User currently offlineFr8Mech From United States of America, joined Sep 2005, 5452 posts, RR: 14
Reply 5, posted (4 years 11 months 2 weeks 3 days 18 hours ago) and read 1408 times:



Quoting DocLightning (Thread starter):
President Obama addressed the Human Rights Campaign last night. HRC is an organization that works to grant basic human rights like marriage, parenting rights, and protection from discrimination to the LGBT community.

First, to put it on the table, I'm a Conservative who could care less if you get married or adopt a child. I think you should be able to with the same ease straight folks have. (Surprised?).

"Basic human rights". That's the term you, and others, use. Too me, if you want to get over the hurdle, you need to prove why marriage and adoption is a basic human right. If you are able to prove that, you're golden.

Quoting DocLightning (Thread starter):
I hear a lot of words from him but I am very worried that we will suffer again what we did under Clinton.

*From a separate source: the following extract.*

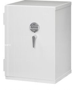Левосторонняя версия сейфа KASO PTK E2-309 с электронным замком. Стандартный цвет RAL 7035, запираемое отделение  одна полка

He talked the talk, but when it came time to walk the walk, we got swept under the rug.

You know, with the stroke of a pen, he could strike down "Don't Ask, Don't Tell". It would be a real gesture, not some symbolic speech, yet he doesn't do it. He's waffling and voting "present" again. He's good at talking the game, but he's empty. He's trying to straddle the line, but hasn't realized that as President of The United States, you don't get to do that.

While not an abomination (that some have called it) don't ask, don't tell is unfair and wrong. I laughed my butt off when it was introduced and then became more sober when I realized that it was going to actually be policy. It needs to go.

Quoting DocLightning (Thread starter):
I'm wondering about his promises.

He tells groups what they want to hear. Sorry, I don't think he's your savior. He's, most certainly, not mine.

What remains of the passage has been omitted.